Turning photography into art means doing something different, something new, something that has maybe been dreamed, but not been done before. Innovation is at the root of art and to innovate we have to go away of preconceptions.

We have to learn to go away. Go away comes after learning. First, we learn, then we run away from what we feel stopping us from being fully creative, from becoming ourselves. Go away starts by changing this belief and clearing our head.

Going away means thus pushing aside the things that prevent us from being creative. It can be a single thing but most of the time they are a lot of. We cannot let them go all at once because we do not necessarily know what they are. We need to go away when discover what they are, one after one.

However, we do not want to run away from everything. We do not want to let go what is positive. Some of the things we are doing are good and deserve to be carefully kept. This selection, what to keep and what to go away from, is personal. It is different for each and every one of us. What you decide to keep and what you decide to let down are truly personal decisions.

The outcome of these steps is a nice path towards the creation of artistic pictures that are unique to you.

Camera Obscura

Pinhole photography, the “Camera Obscura” effect, forms an image through a small pin-sized hole rather than a lens and its origins can be traced back 2.500 years to when Mo Ti in China observed that light travels in a straight line through a small hole like an arrow. 

It is a radical alternative to conventional photography, exploring a world beyond the limitations of the human eye and human wallet. In an age of instant automated screen-based predictability it rediscovers accident, wonder and delight through experimentation, delicious qualities increasingly absent from contemporary photographic practice. 

Pinhole images have properties that aren’t encountered using even the most expensive CanoNikon camera. These properties include:

  • Unlimited depth of field: Everything is in focus – from objects next to the pinhole to distant mountains enabling a “bug’s-eye view” of the world.
  • Capturing time beyond vision: Exposure times can range from fractions of a second to the six months that a solargraph camera exposes for when capturing the movement of the sun.
  • Construction, indestructibility and cheapness: cameras can be homemade. The combination of the camera’s relative indestructibility with its low cost allows experimentation where digital cameras fear to tread.
  • Multiple exposures: You can take two or more images on top of each other, often accidentally.
  • The joyous lack of a viewfinder: The wonder of the unknown replaces the instantaneous fix of a digital viewfinder (and a children’s “let me see it” demands are replaced by a wait-and-see approach).

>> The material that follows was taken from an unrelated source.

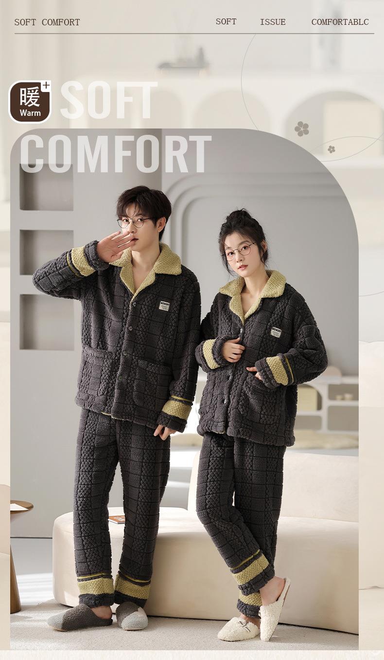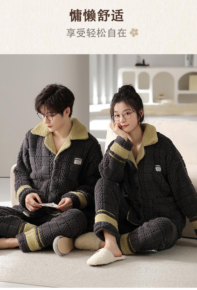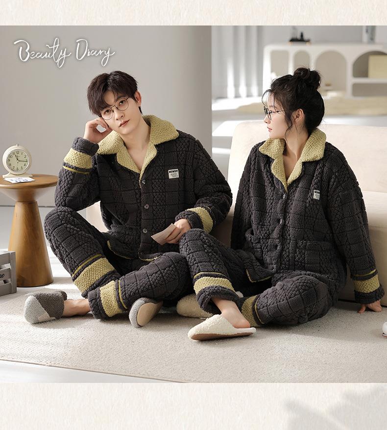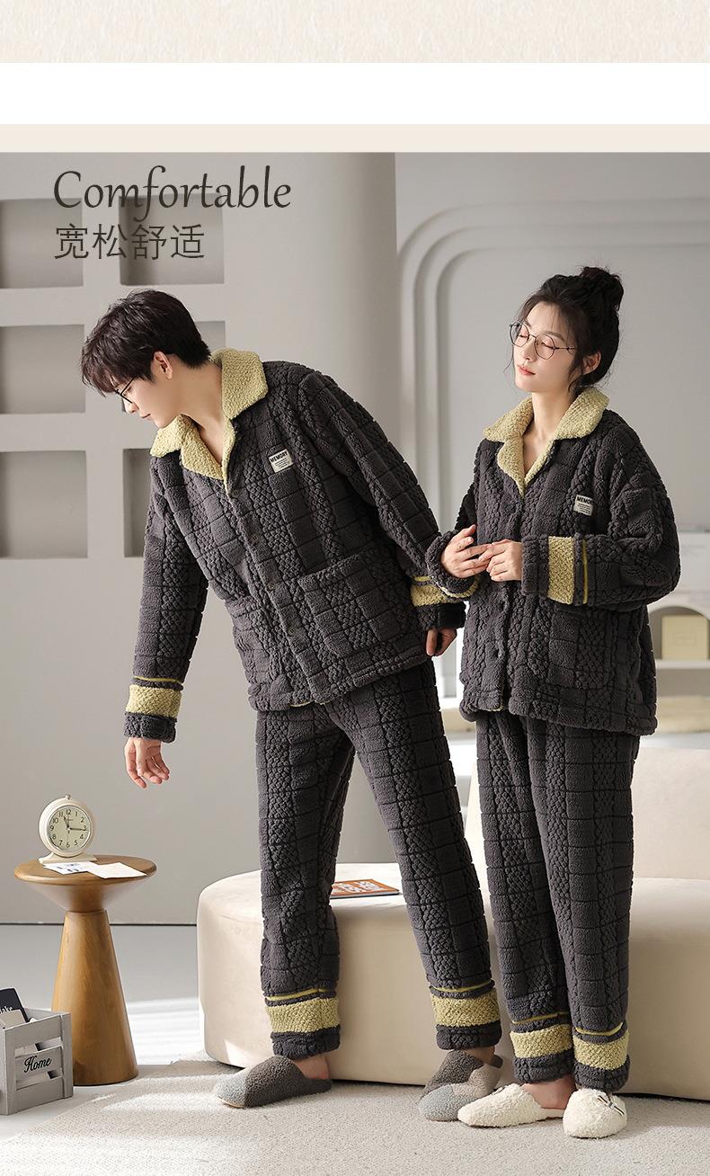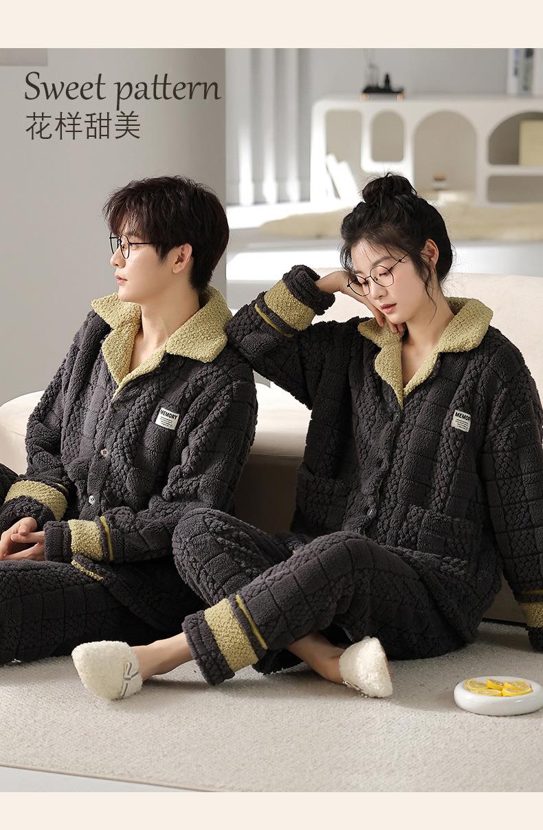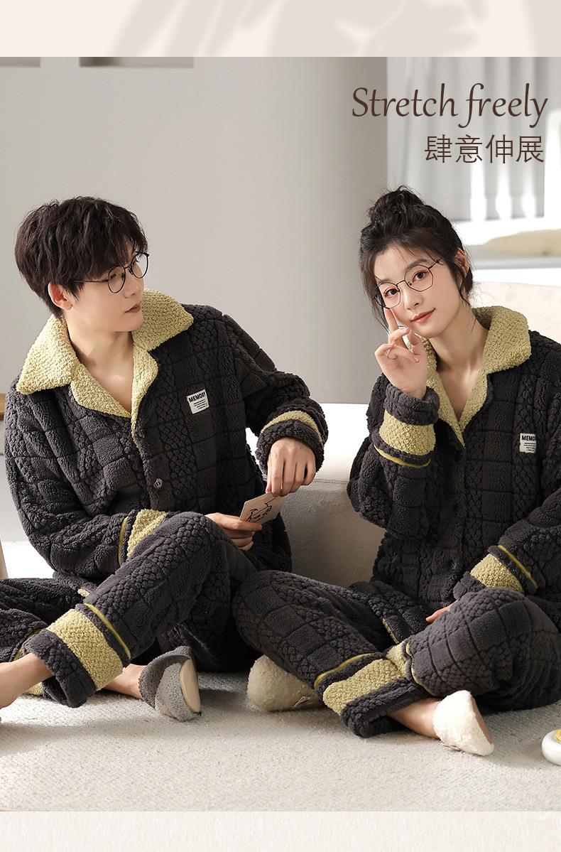 秋冬新款情侣睡衣女士翻领开衫韩版休闲大码男士青少年家居服套装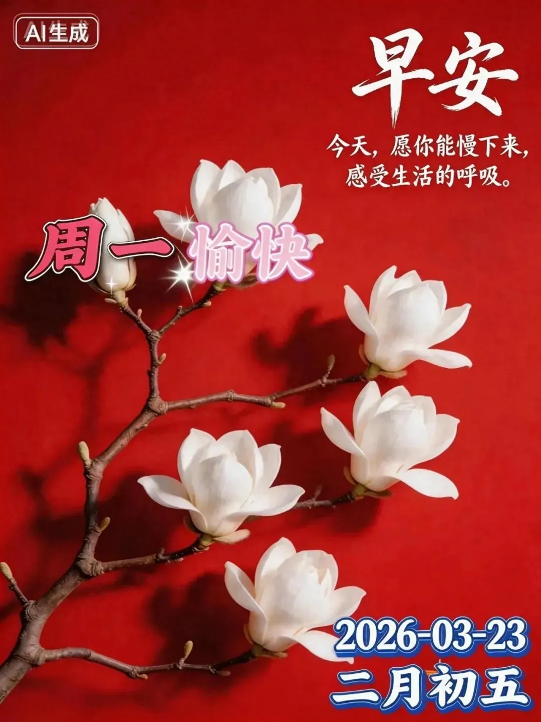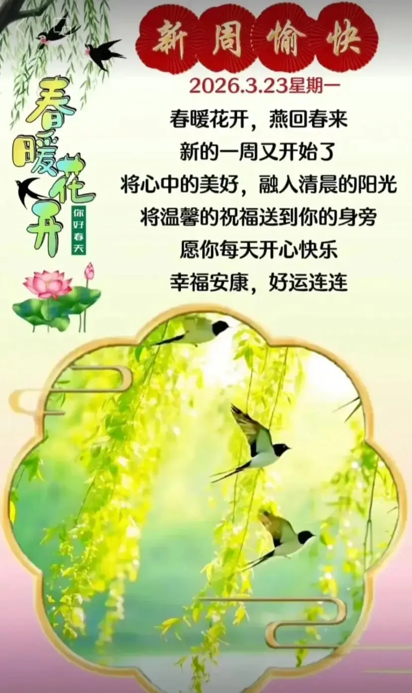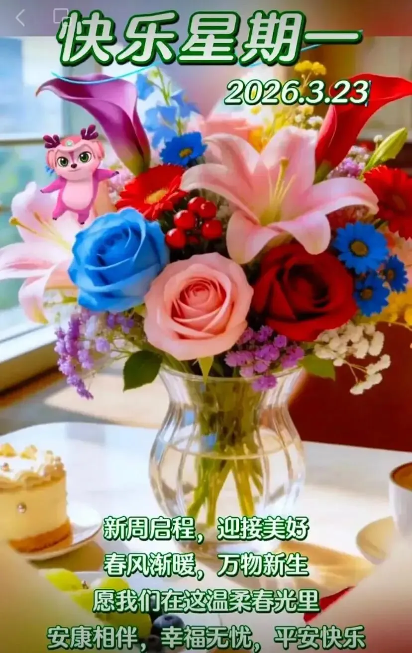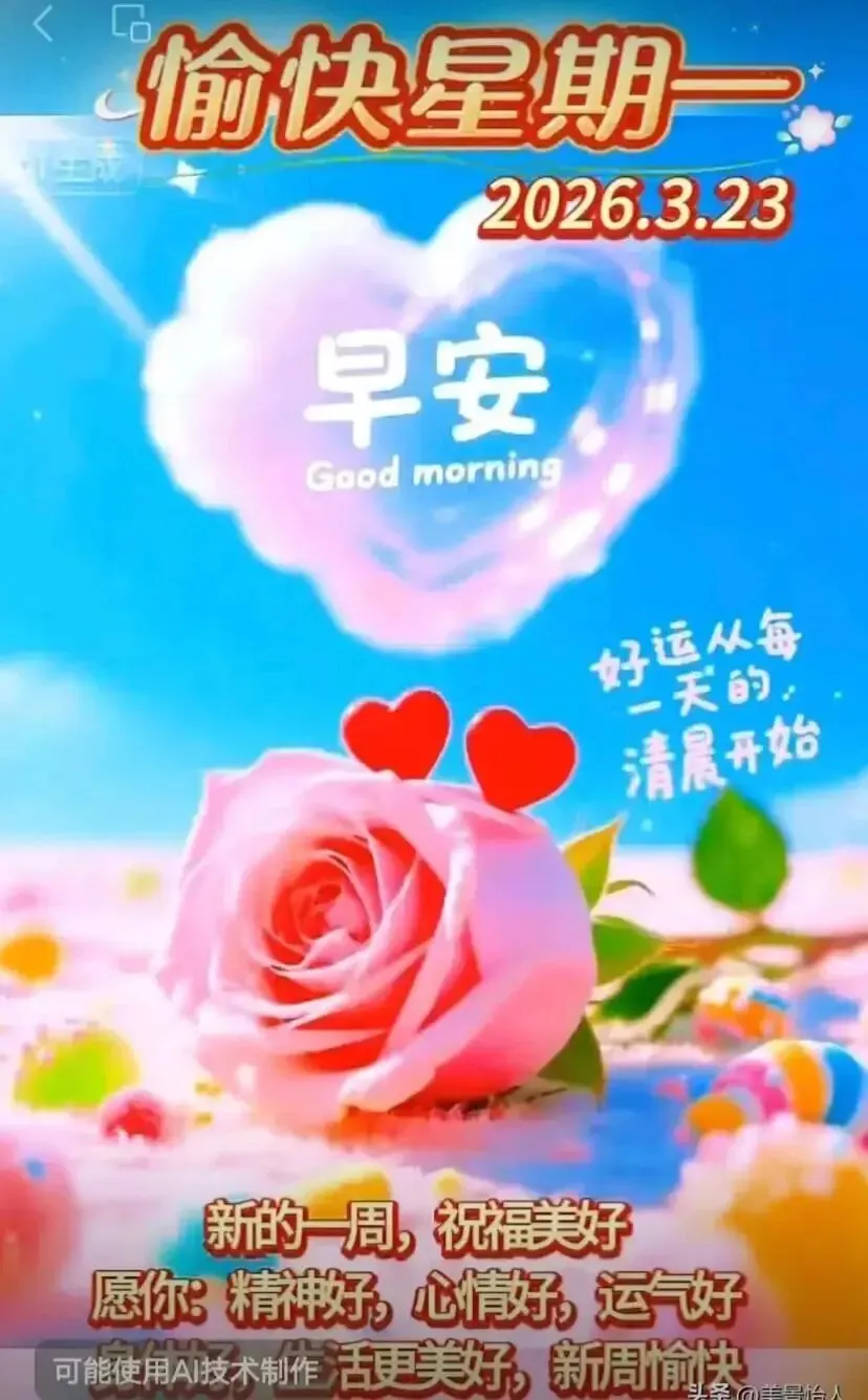 当前位置:首页>美女资讯>3月23日周一早上好图片 早上好温馨问候语 +精美图片

Nonetheless, there is a mid-term solution for the speed lover. Rather than build a film camera, you can also use your up-to-date digital camera and convert it into a pinhole camera, filling the gap between a very old process and the most modern electronic devices. By the way, in this case, a mirrorless camera has a tremendous advantage: it allows you to observe immediately what you’ll get through the tiny hole, and it measures also the exposure time needed on manual position, without using any external lightmeter. 

In our age of instant photographic feedback, it is amazing how a bit of time and thought can change your images from previewed experiments to what could be the greatest photographs ever taken, something to ponder while you wait for them to be processed.

The trick ? Modify your DSLR camera’s body cap to create a pinhole effect. As long as you can spare a body cap you can do this. The lens emulates the distinctive vignette and softness of a pinhole photograph in a fraction of the time and is great for adding an abstract or surreal quality to an image. While the digital technique isn’t the same as a classic biscuit-tin camera, your home-made lens makes for a dynamic approach to a nostalgic analog process. Plus, the unpredictability of the results adds an interesting twist to your digital practice.